[Brief]: An exact transcription is needed of the lines below from the one with "Ma perforowaną konstrukcję, która" through the one with "震源地 | コスタリカのQuesadaから東北東4kmの地点 |", with no other lines and no pictures.

[Data section]:

··········

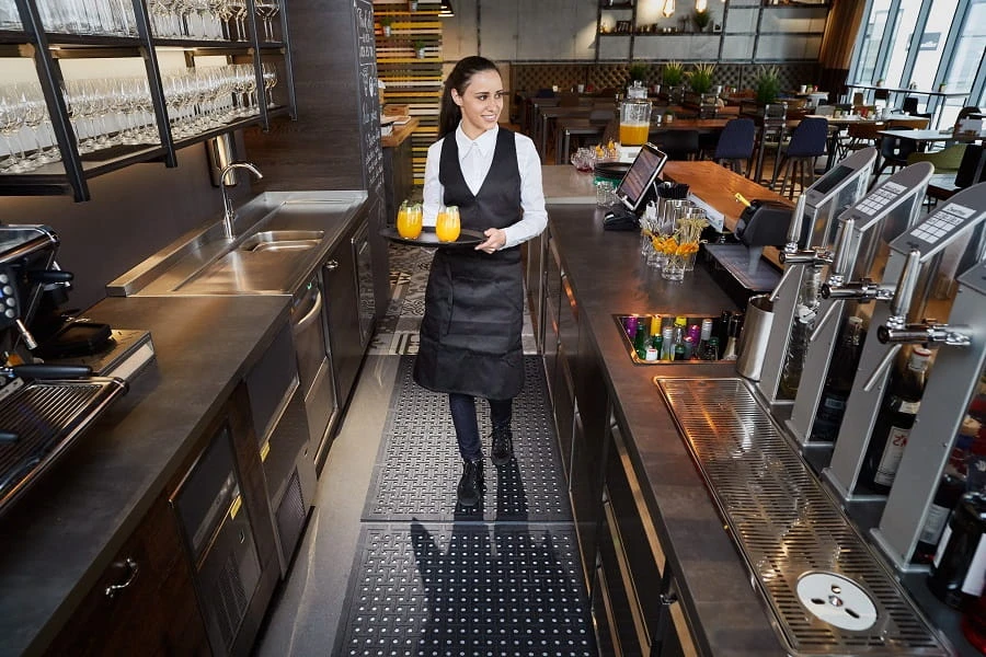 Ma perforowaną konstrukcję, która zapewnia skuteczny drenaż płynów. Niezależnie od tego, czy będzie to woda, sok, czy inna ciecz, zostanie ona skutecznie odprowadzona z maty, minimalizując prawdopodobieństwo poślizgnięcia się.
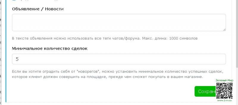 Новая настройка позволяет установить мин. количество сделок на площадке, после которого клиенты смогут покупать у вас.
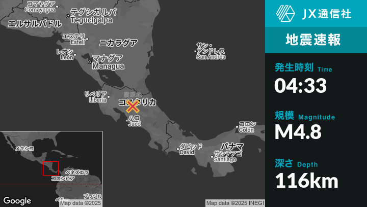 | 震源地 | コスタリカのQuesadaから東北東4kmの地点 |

··········

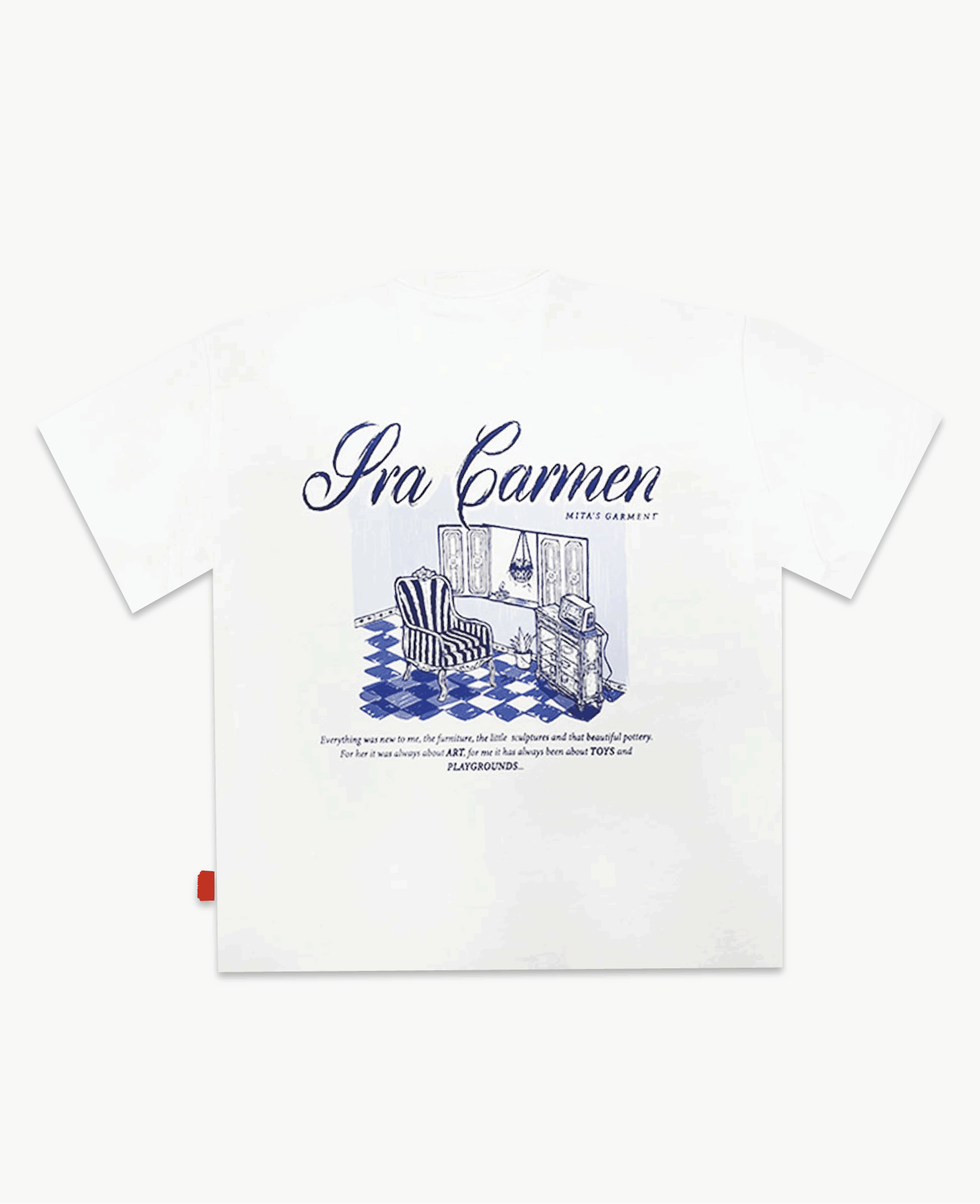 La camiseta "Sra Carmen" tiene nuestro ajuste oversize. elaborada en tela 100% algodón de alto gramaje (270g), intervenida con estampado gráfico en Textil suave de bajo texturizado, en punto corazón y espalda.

··········

[Exercise response]:
 Ma perforowaną konstrukcję, która zapewnia skuteczny drenaż płynów. Niezależnie od tego, czy będzie to woda, sok, czy inna ciecz, zostanie ona skutecznie odprowadzona z maty, minimalizując prawdopodobieństwo poślizgnięcia się.
 Новая настройка позволяет установить мин. количество сделок на площадке, после которого клиенты смогут покупать у вас.
 | 震源地 | コスタリカのQuesadaから東北東4kmの地点 |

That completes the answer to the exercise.